Covéa : le statut commun (enfin) en marche

Covéa : le statut commun (enfin) en marche
«Ce statut commun constitue le 3ème pilier, celui du social, indispensable à l'aboutissement de la construction de l'entreprise unique Covéa », déclare Thierry Derez, Président-directeur général de Covéa.

13 accords au sein du groupe mutualiste vont remplacer les centaines d'accords en place jusqu'alors au sein de Maaf, MMA et GMF. 

Après près de deux ans de tractations, le dossier du statut commun au sein du groupe Covéa est enfin clos. Deux organisations syndicales (CFDT et Unsa, représentant plus de 50% des salariés) viennent de signer les 13 accords groupe - sur les frais de santé, la prévoyance, le temps de travail, la retraite, la rémunération, l’intéressement, la participation, le Plan d’Epargne entreprise ou encore le Perco – qui vont se substituer aux plusieurs centaines d’accords historiques propres à Maaf, MMA et GMF.

Les négociations stoppées en février dernier

Petit rappel des faits. A la suite de la décision du tribunal d’instance de Paris 12e du 13 février dernier d’invalider la reconnaissance de l’Union économique et sociale (UES) au niveau du groupe mutualiste, la direction générale avait alors annoncé suspendre « toutes négociations en cours au sein des sociétés de la dite UES », notamment celles liées au futur statut commun.

Trois appels à la grève en mai et juin

Au cours des quatre mois qui ont suivi, les négociations ont finalement repris, dans un climat toutefois assez tendu. Les 9 et 18 mai derniers, la CGT et FO ont notamment appelé les salariés à faire grève, réclamant, dans un tract commun « le rétablissement des accords dénoncés et donc l’annulation des dénonciations ». Mais aussi « un statut commun basé sur le principe de faveur », dans lequel « les dispositions les plus favorables s’appliquent ». Dans le même sens, une autre organisation syndicale, la CFE-CGC a indiqué dans un communiqué daté au 6 juin 2017, ne pouvoir « accepter de voir brader le statut de milliers de salariés GMF dans le cadre de la construction du groupe d’assurances Covéa », appelant également – avec la CGT et FO - à un rassemblement devant le siège social de GMF Assurances, à Levallois Perret, le 8 juin. Soit le lendemain de la dernière réunion de négociation sur le statut commun.

des dispositions qualifiées de "haut de gamme"

Finalement, ces mobilisations n’auront rien changé, puisque Covéa s’est doté d’un statut commun pour les 21 000 collaborateurs.
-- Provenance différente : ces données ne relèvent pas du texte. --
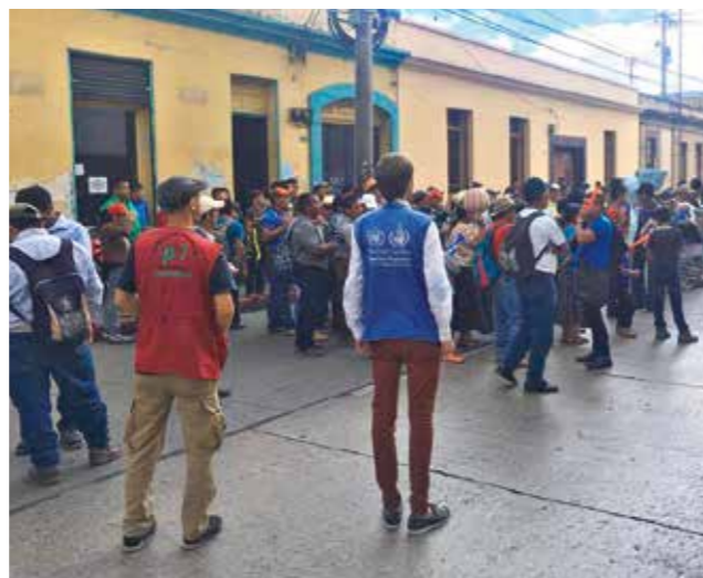
► Demonstration des „Friedlichen Widerstandes von Santa María Cahabon“ in der Hauptstadt Guatemala-Stadt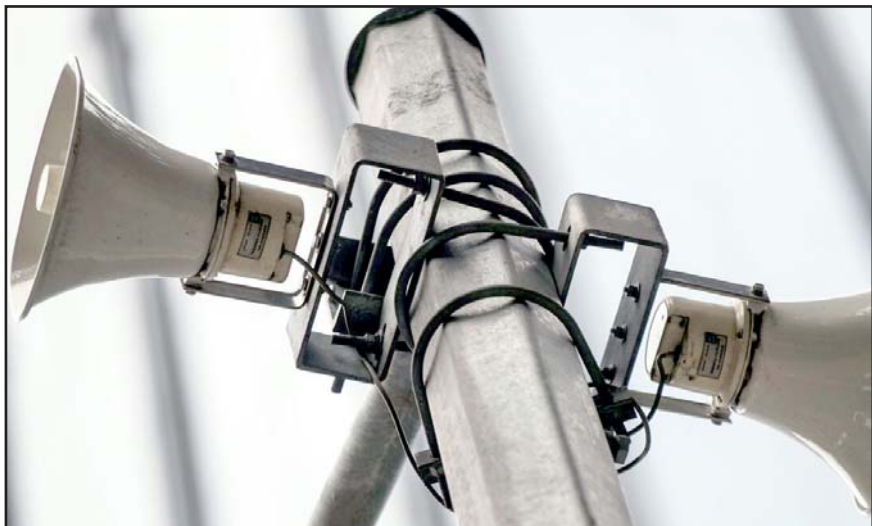
El polígono de alertamiento fue definido por el Sistema de Alerta Sísmica Mexicano y el Centro de Instrumentación y Registro Sísmico.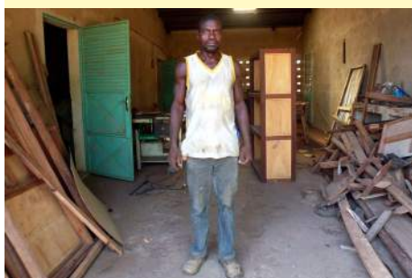
L'atelier de menuiserie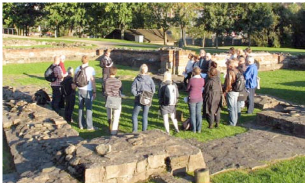
Gruppe studenter samlet i Mariakirken i Middelalderparken, før det er felles vandring langs leden til Gamle Aker kirke hvor det er foredrag

Pilegrimssenter Oslo har også som målsetning å imøtekomme ønsker om lokale pilegrimsvandringer og –arrangement i menigheter, foreninger, klubber og lag i regionen.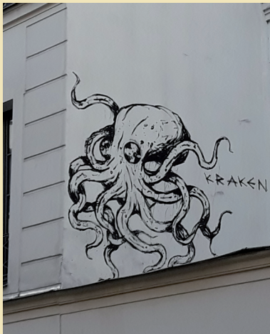
Poulpe des rues

• Exposition prolongée en janvier - Valérie Janus expose ses dessins . Librairie Lire au jardin, aux heures d'ouverture.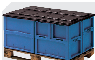
Coiffes pour conteneurs palettisés

A la grande satisfaction de la direction du groupe. « Après le pilier juridique - la Sgam -, le pilier économique  -Covéa Coopérations -, ce statut commun constitue le 3ème pilier, celui du social, indispensable à l'aboutissement de la construction de l'entreprise unique Covéa », déclare Thierry Derez, Président-directeur général de Covéa, dans un communiqué. «Ce statut commun est à la fois porteur d'équité, d'attractivité et d'épanouissement pour nos collaborateurs. Bon nombre de ses dispositions, qu'il s'agisse du temps de travail, de participation, d'intéressement, d'abondement, de protection sociale, de retraite, peuvent être qualifiées de haut de gamme», ajoute Amaury de Hautelocque, directeur des affaires sociales du groupe.

une entrée en vigueur dans six mois

«Par ailleurs, sa mise en place se traduira par des économies significatives en ce qui concerne l'administration du personnel grâce à un système d'informations commun, tant en ce qui concerne les bases de données que la gestion de la paie. Les managers bénéficieront également d'un effet de simplification de leur relation avec leurs équipes grâce à l'unicité de l'environnement conventionnel », complète Michel Gougnard, directeur général ressources humaines & communication interne. Le statut commun entrera désormais en vigueur à compter du 1er janvier 2018 et s’appuiera sur des outils informatiques 100 % groupe en juin 2018.